(Extracted material begins)

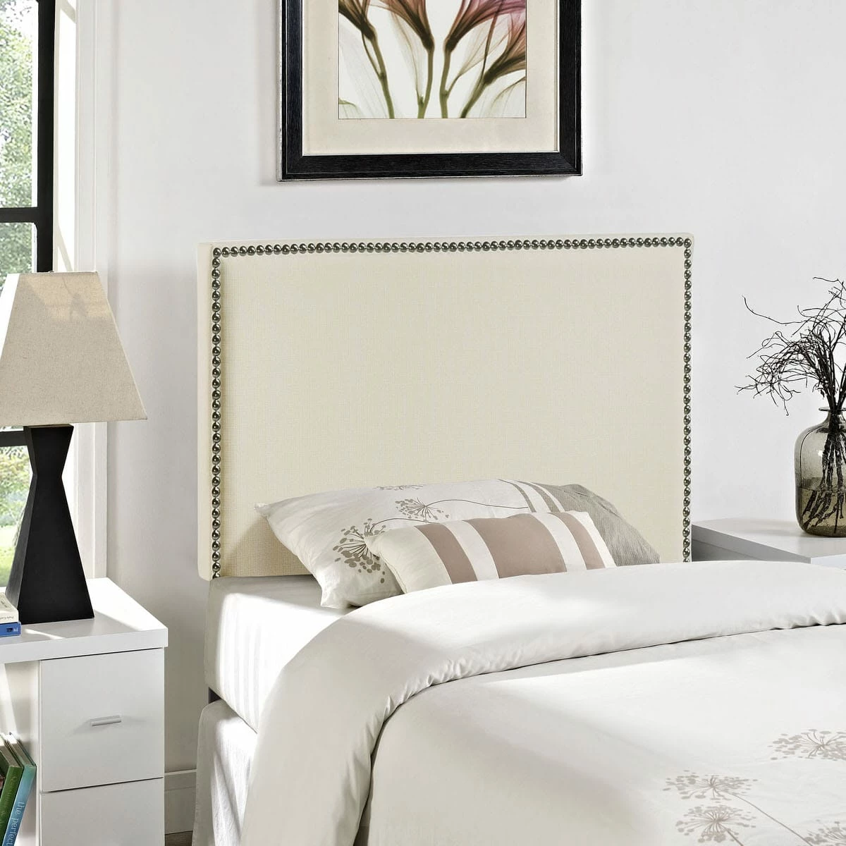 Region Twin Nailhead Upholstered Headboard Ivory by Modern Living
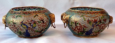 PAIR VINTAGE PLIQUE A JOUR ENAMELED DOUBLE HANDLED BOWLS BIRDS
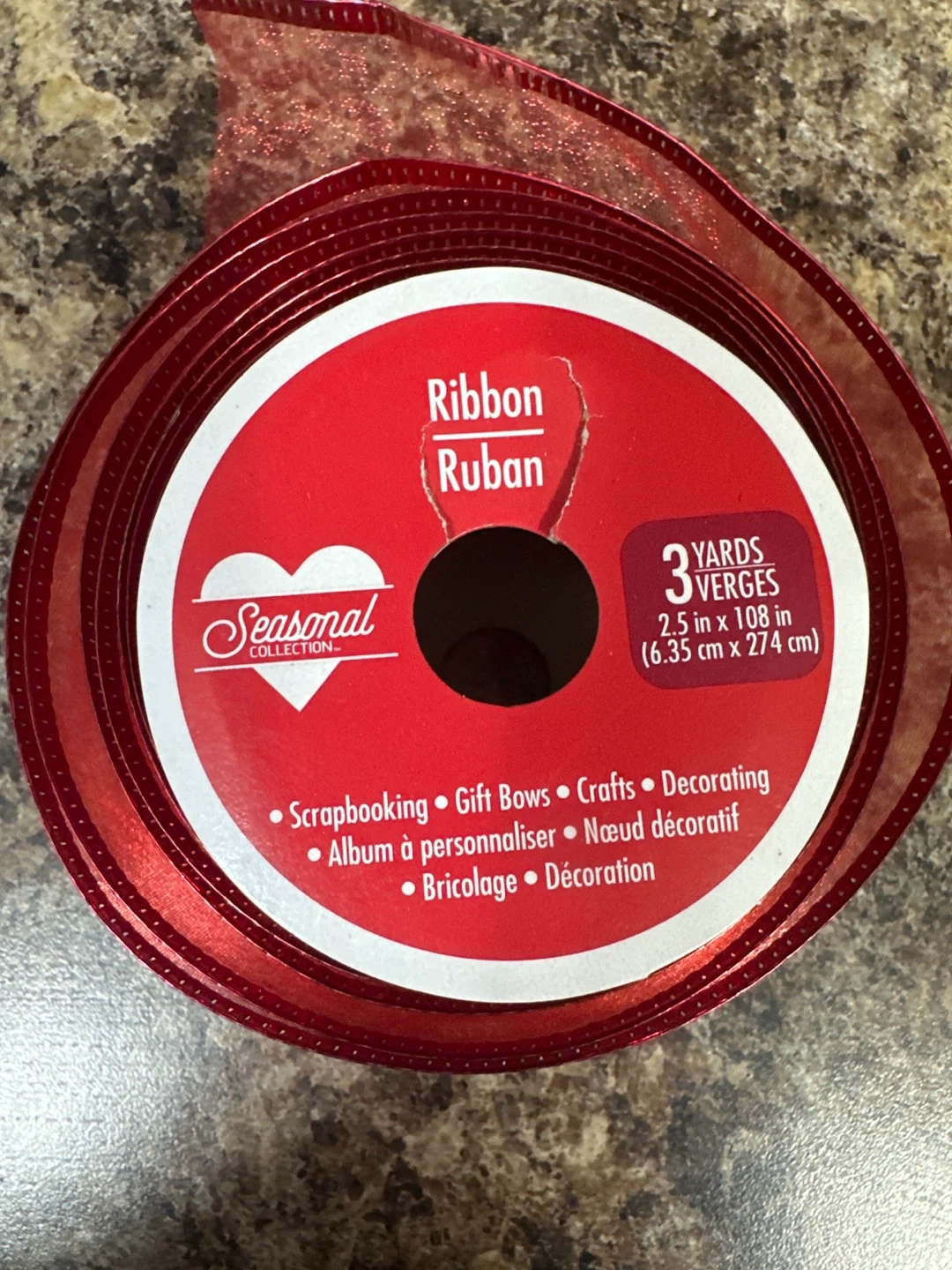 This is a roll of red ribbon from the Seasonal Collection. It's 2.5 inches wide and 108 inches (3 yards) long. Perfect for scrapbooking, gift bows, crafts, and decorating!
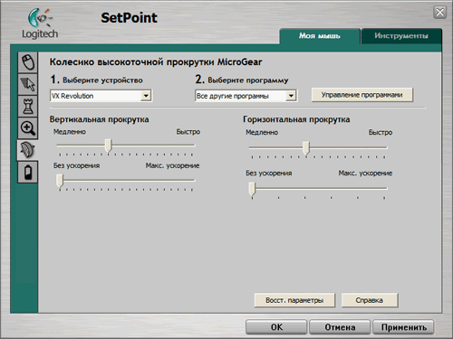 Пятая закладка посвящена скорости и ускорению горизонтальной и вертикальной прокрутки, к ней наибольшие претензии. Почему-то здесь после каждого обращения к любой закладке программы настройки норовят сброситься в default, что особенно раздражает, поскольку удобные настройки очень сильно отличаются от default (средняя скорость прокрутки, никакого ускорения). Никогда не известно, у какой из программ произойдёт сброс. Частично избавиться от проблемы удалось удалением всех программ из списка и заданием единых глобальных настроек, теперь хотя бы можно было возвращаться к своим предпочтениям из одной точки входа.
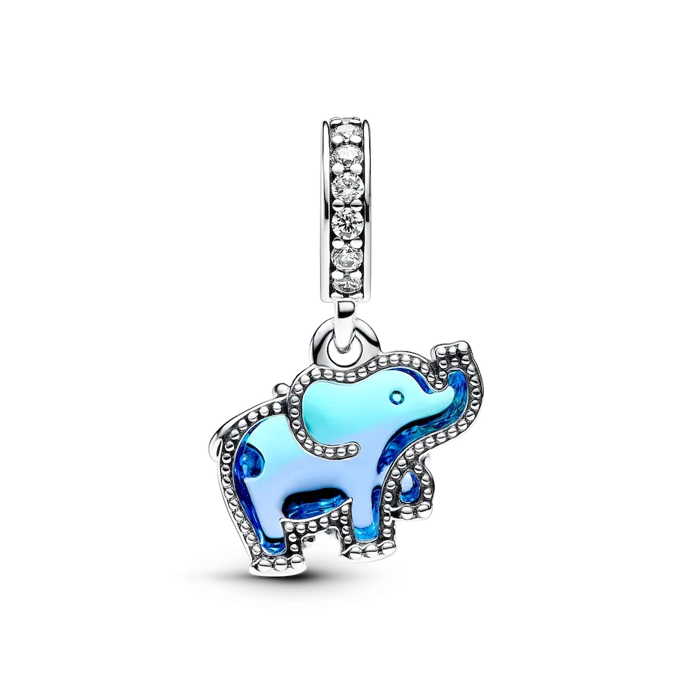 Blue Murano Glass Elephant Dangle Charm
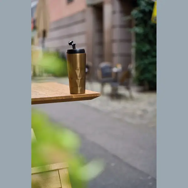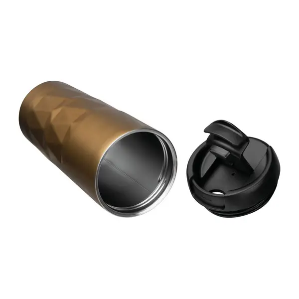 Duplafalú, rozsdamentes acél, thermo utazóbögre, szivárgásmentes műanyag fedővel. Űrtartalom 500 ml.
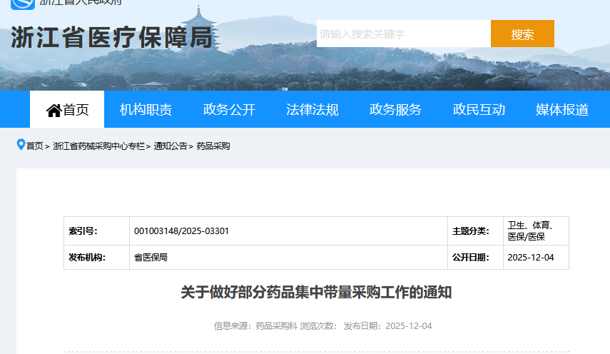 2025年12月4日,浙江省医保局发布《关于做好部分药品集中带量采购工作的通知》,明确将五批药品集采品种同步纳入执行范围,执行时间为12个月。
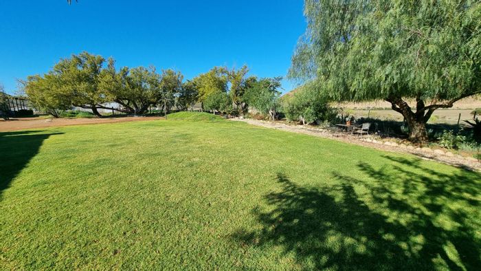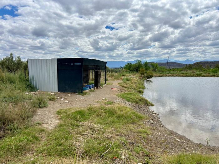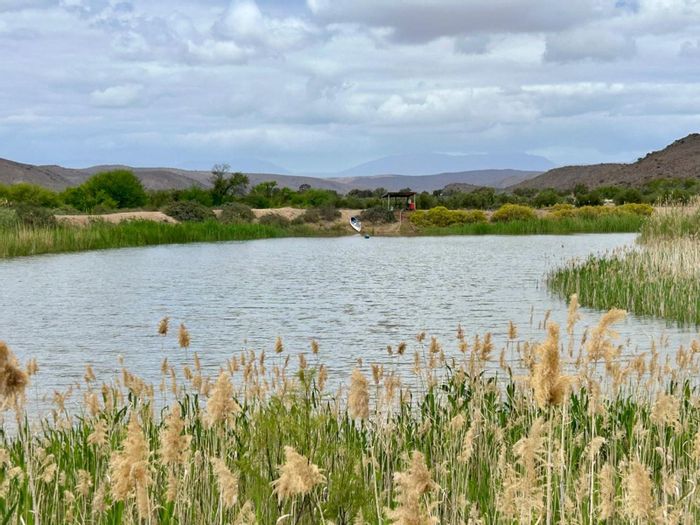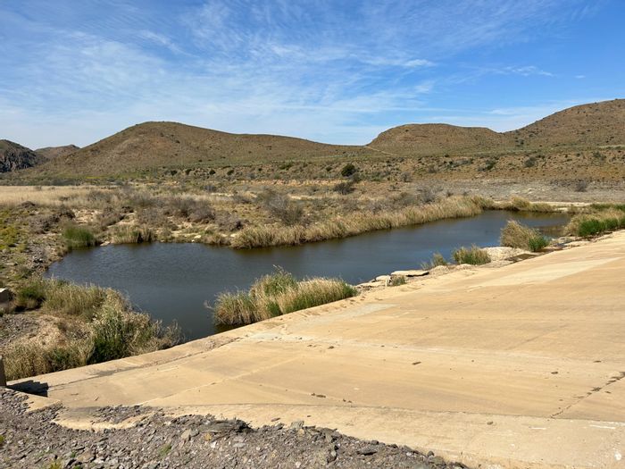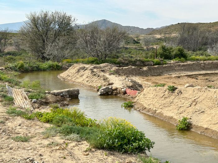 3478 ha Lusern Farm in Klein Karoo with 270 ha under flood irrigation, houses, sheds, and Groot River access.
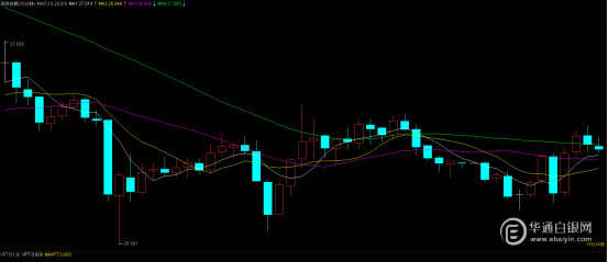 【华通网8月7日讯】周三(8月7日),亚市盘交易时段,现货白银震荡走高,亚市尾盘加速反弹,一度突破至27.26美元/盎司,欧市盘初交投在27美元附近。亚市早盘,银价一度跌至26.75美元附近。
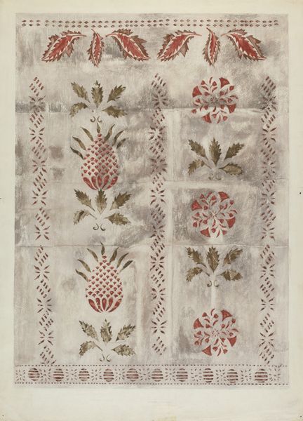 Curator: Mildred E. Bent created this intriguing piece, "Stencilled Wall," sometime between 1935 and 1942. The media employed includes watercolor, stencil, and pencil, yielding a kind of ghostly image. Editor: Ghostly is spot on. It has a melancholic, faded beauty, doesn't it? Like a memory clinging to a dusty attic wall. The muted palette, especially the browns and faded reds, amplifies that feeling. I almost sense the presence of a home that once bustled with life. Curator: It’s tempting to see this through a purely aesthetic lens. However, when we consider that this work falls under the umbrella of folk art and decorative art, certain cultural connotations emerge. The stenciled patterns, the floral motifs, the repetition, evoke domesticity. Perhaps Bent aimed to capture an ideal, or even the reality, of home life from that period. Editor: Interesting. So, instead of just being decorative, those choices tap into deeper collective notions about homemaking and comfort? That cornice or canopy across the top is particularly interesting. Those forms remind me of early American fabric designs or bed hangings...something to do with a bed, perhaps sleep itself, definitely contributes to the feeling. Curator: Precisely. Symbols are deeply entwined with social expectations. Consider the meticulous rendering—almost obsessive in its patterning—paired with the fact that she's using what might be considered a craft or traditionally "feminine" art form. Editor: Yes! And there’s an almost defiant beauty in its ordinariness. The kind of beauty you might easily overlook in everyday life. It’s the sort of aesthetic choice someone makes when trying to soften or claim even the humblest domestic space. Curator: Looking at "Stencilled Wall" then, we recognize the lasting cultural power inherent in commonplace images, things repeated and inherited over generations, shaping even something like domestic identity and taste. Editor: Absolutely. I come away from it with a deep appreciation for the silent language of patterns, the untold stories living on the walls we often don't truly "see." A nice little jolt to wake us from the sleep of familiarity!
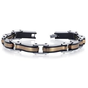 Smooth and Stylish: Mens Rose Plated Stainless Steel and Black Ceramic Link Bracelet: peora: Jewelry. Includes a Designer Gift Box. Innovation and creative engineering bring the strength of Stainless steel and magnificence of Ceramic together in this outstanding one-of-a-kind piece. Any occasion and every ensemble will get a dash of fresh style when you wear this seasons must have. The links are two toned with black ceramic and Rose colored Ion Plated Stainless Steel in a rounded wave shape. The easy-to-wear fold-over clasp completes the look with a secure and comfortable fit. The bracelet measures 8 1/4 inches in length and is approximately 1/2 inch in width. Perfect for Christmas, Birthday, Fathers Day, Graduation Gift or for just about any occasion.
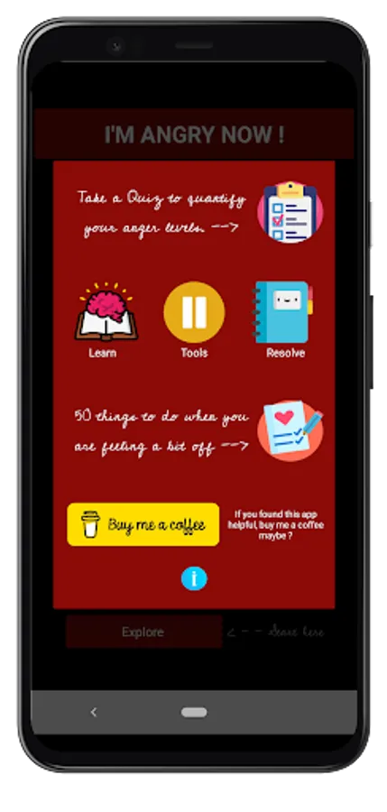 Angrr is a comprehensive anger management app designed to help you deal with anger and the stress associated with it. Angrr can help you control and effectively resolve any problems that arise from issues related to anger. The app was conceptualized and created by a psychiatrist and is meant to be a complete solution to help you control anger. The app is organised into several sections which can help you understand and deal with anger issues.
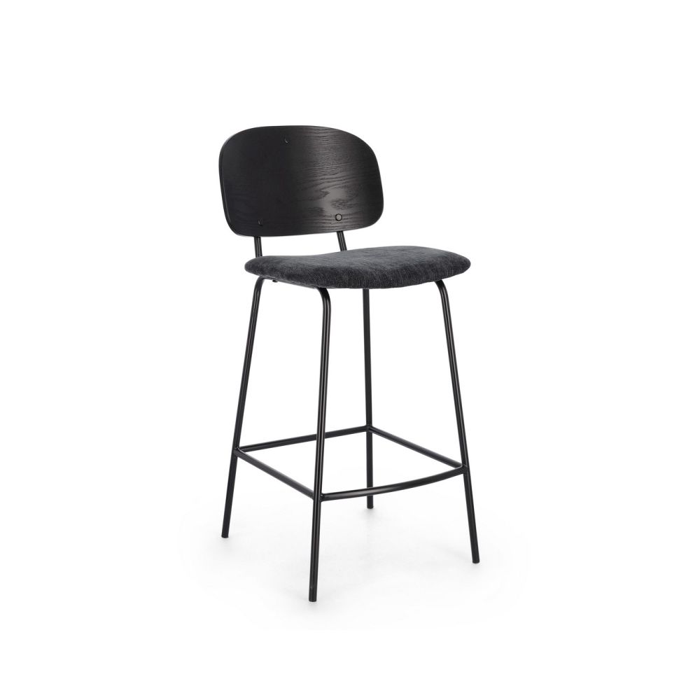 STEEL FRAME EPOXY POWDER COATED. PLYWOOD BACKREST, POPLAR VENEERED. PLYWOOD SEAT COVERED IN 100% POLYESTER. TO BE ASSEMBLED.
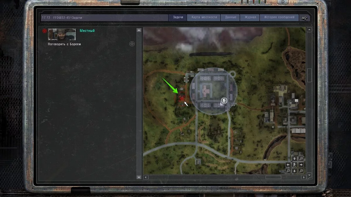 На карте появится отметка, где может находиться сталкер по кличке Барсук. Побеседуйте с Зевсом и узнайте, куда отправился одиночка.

(Extracted material ends)

__Problem requirements__. In repeating the entries, exclude the pictures and alter nothing else.

__Answer section__.
 Region Twin Nailhead Upholstered Headboard Ivory by Modern Living
 PAIR VINTAGE PLIQUE A JOUR ENAMELED DOUBLE HANDLED BOWLS BIRDS
 This is a roll of red ribbon from the Seasonal Collection. It's 2.5 inches wide and 108 inches (3 yards) long. Perfect for scrapbooking, gift bows, crafts, and decorating!
 Пятая закладка посвящена скорости и ускорению горизонтальной и вертикальной прокрутки, к ней наибольшие претензии. Почему-то здесь после каждого обращения к любой закладке программы настройки норовят сброситься в default, что особенно раздражает, поскольку удобные настройки очень сильно отличаются от default (средняя скорость прокрутки, никакого ускорения). Никогда не известно, у какой из программ произойдёт сброс. Частично избавиться от проблемы удалось удалением всех программ из списка и заданием единых глобальных настроек, теперь хотя бы можно было возвращаться к своим предпочтениям из одной точки входа.
 Blue Murano Glass Elephant Dangle Charm
 Duplafalú, rozsdamentes acél, thermo utazóbögre, szivárgásmentes műanyag fedővel. Űrtartalom 500 ml.
 2025年12月4日,浙江省医保局发布《关于做好部分药品集中带量采购工作的通知》,明确将五批药品集采品种同步纳入执行范围,执行时间为12个月。
 3478 ha Lusern Farm in Klein Karoo with 270 ha under flood irrigation, houses, sheds, and Groot River access.
 【华通网8月7日讯】周三(8月7日),亚市盘交易时段,现货白银震荡走高,亚市尾盘加速反弹,一度突破至27.26美元/盎司,欧市盘初交投在27美元附近。亚市早盘,银价一度跌至26.75美元附近。
 Curator: Mildred E. Bent created this intriguing piece, "Stencilled Wall," sometime between 1935 and 1942. The media employed includes watercolor, stencil, and pencil, yielding a kind of ghostly image. Editor: Ghostly is spot on. It has a melancholic, faded beauty, doesn't it? Like a memory clinging to a dusty attic wall. The muted palette, especially the browns and faded reds, amplifies that feeling. I almost sense the presence of a home that once bustled with life. Curator: It’s tempting to see this through a purely aesthetic lens. However, when we consider that this work falls under the umbrella of folk art and decorative art, certain cultural connotations emerge. The stenciled patterns, the floral motifs, the repetition, evoke domesticity. Perhaps Bent aimed to capture an ideal, or even the reality, of home life from that period. Editor: Interesting. So, instead of just being decorative, those choices tap into deeper collective notions about homemaking and comfort? That cornice or canopy across the top is particularly interesting. Those forms remind me of early American fabric designs or bed hangings...something to do with a bed, perhaps sleep itself, definitely contributes to the feeling. Curator: Precisely. Symbols are deeply entwined with social expectations. Consider the meticulous rendering—almost obsessive in its patterning—paired with the fact that she's using what might be considered a craft or traditionally "feminine" art form. Editor: Yes! And there’s an almost defiant beauty in its ordinariness. The kind of beauty you might easily overlook in everyday life. It’s the sort of aesthetic choice someone makes when trying to soften or claim even the humblest domestic space. Curator: Looking at "Stencilled Wall" then, we recognize the lasting cultural power inherent in commonplace images, things repeated and inherited over generations, shaping even something like domestic identity and taste. Editor: Absolutely. I come away from it with a deep appreciation for the silent language of patterns, the untold stories living on the walls we often don't truly "see." A nice little jolt to wake us from the sleep of familiarity!
 Smooth and Stylish: Mens Rose Plated Stainless Steel and Black Ceramic Link Bracelet: peora: Jewelry. Includes a Designer Gift Box. Innovation and creative engineering bring the strength of Stainless steel and magnificence of Ceramic together in this outstanding one-of-a-kind piece. Any occasion and every ensemble will get a dash of fresh style when you wear this seasons must have. The links are two toned with black ceramic and Rose colored Ion Plated Stainless Steel in a rounded wave shape. The easy-to-wear fold-over clasp completes the look with a secure and comfortable fit. The bracelet measures 8 1/4 inches in length and is approximately 1/2 inch in width. Perfect for Christmas, Birthday, Fathers Day, Graduation Gift or for just about any occasion.
 Angrr is a comprehensive anger management app designed to help you deal with anger and the stress associated with it. Angrr can help you control and effectively resolve any problems that arise from issues related to anger. The app was conceptualized and created by a psychiatrist and is meant to be a complete solution to help you control anger. The app is organised into several sections which can help you understand and deal with anger issues.
 STEEL FRAME EPOXY POWDER COATED. PLYWOOD BACKREST, POPLAR VENEERED. PLYWOOD SEAT COVERED IN 100% POLYESTER. TO BE ASSEMBLED.
 На карте появится отметка, где может находиться сталкер по кличке Барсук. Побеседуйте с Зевсом и узнайте, куда отправился одиночка.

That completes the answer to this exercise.